In an embodiment, the service server 400 may be connected to at least one cigarette butt collection device 300, and may receive environmental information around the collection devices 300 (weather, floating population, temperature, and humidity, etc.), information related to the device (temperature and humidity inside the device, the type and amount of objects included in a storage unit, etc.), and control information on the device (opening and closing of an inlet, whether an automatic fire extinguishing device operates, state information of a sensor, etc.), and may transmit information for controlling an operation of the collection device to the device for collection.
The method of managing a cigarette butt collection device with IoT using AI according to an embodiment of the specification may be performed by a service platform server (the service server 400).
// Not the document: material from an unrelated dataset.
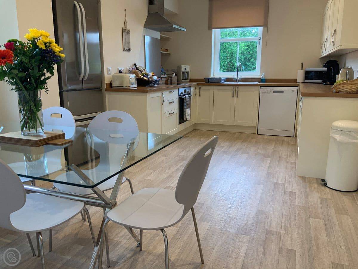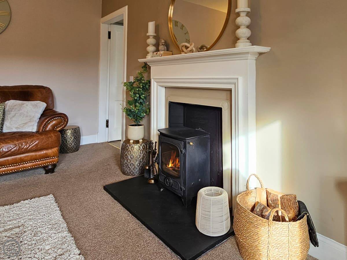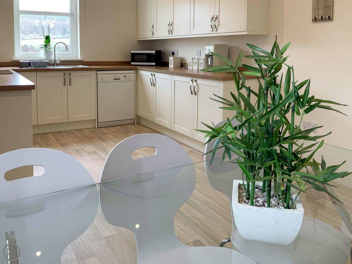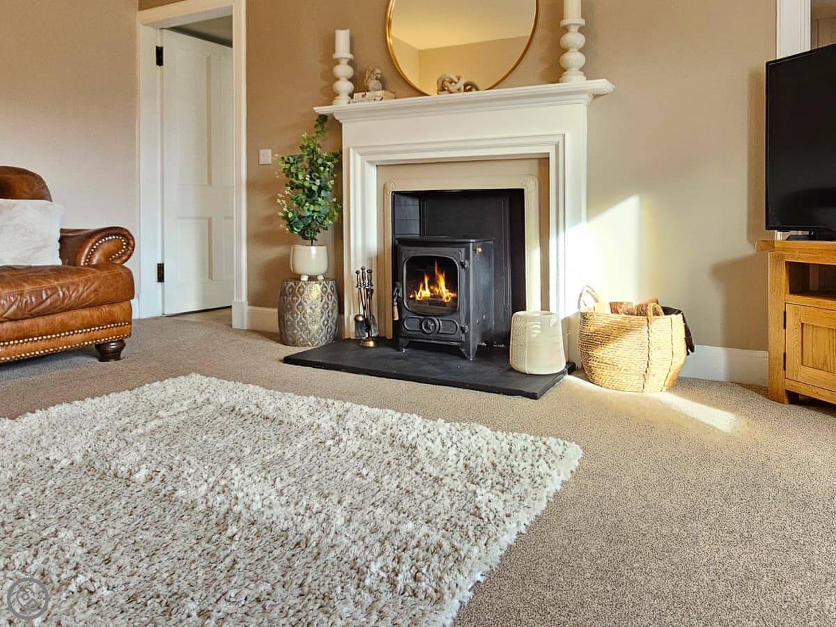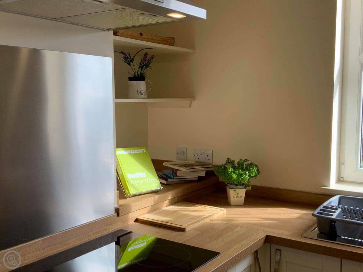 The kitchen is a decent size, and you look out over fields. There's a utility room with a washing machine and tumble dryer, which is useful. The living room has a wood burning stove. Logs aren't included, but you can get them locally.

The method of managing a cigarette butt collection device with IoT using AI may include obtaining, by the service server, collection amount information, weather information, and floating population data related to at least one cigarette butt device. The collection amount information, the weather information, and the floating population data may be directly received from the cigarette butt collection device 300, or the collection information may be received at least from the cigarette butt collection device, or at least one of the weather information or the floating population data may be received from the external server. The external data may include an arbitrary server (e.g., government office server) that opens public data, but the present disclosure is not limited thereto. The weather information may include weather information around each collection device, and the floating population data may include the number of people passing around the collection device or the number of people using the collection device.
Next, the service server 400 may derive a collection amount variation pattern of each cigarette butt collection device by applying the obtained collection amount information, weather information, and floating population data to a learning model. The learning model may be a model that receives the collection amount information, the weather information, and the floating population data as an input and outputs the collection amount variation pattern of each cigarette butt collection device.
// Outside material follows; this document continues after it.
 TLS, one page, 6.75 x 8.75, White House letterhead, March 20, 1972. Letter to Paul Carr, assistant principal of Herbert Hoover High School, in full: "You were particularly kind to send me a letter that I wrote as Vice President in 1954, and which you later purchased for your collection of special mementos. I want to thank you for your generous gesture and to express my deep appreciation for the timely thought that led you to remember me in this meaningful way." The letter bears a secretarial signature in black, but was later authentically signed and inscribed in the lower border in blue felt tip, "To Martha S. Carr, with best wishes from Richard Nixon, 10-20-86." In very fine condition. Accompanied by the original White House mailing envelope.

That is, a specific pattern may be derived based on past information about the amount of cigarette butts collected in the cigarette butt collection device, and how a collection amount will change in the future may be predicted based on the specific pattern.
In detail, referring to
Specifically, in addition to collection volume information, the first parameter set includes weather information and foot traffic data, where the weather information can include details such as precipitation, humidity, wind, and temperature. These parameters are continuously updated through the collection amount prediction unit (411), which employs an LSTM-based deep learning algorithm to process and learn from historical data. This enables the collection amount prediction unit (411) to identify temporal patterns of collection volume fluctuations and predict future changes in collection volume with enhanced accuracy.
In one embodiment, the collection amount prediction unit (411) monitors the saturation state of each collection bin in real-time using the trained model and can predict when specific thresholds will be reached. For instance, the system may calculate the time when a bin's fill level will exceed 80% and recommend an optimized schedule for collection operations. This predictive capability significantly improves the efficiency of collection activities, minimizes unnecessary collection trips, and prevents issues such as overfilled bins.
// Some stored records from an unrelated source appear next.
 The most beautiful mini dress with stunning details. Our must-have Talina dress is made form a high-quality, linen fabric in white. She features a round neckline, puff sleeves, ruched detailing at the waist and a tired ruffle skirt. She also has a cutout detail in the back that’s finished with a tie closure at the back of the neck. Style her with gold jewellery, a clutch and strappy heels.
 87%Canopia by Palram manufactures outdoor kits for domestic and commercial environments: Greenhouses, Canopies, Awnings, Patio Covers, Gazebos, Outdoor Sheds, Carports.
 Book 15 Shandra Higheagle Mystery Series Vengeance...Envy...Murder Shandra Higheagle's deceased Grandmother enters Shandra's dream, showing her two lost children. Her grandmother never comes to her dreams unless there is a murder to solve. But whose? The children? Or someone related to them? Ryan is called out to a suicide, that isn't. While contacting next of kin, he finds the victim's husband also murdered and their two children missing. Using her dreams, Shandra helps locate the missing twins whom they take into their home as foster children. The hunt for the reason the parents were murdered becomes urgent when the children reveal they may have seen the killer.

The learning model employed of the present invention distinguishes itself by analyzing the correlation between various external factors to derive patterns in collection volume changes. Unlike conventional systems that rely solely on historical statistical data, this approach integrates dynamic factors like weather conditions and fluctuations in floating population density, thereby achieving higher predictive accuracy. By incorporating these factors into the prediction model, the operational efficiency of the cigarette butt collection device is maximized, ensuring not only urban cleanliness but also resource management optimization.
In an exemplary implementation, the collection amount prediction unit (411) calculates a predicted collection time for each cigarette butt collection device, based on derived patterns in collection volume fluctuations. The predicted collection time may be determined by user-defined thresholds (e.g., a fill level of 80%) or by changes in the rate of filling, calculated over a specific time period. For example, a collection time may be triggered if the fill level remains above a set threshold for a predetermined duration.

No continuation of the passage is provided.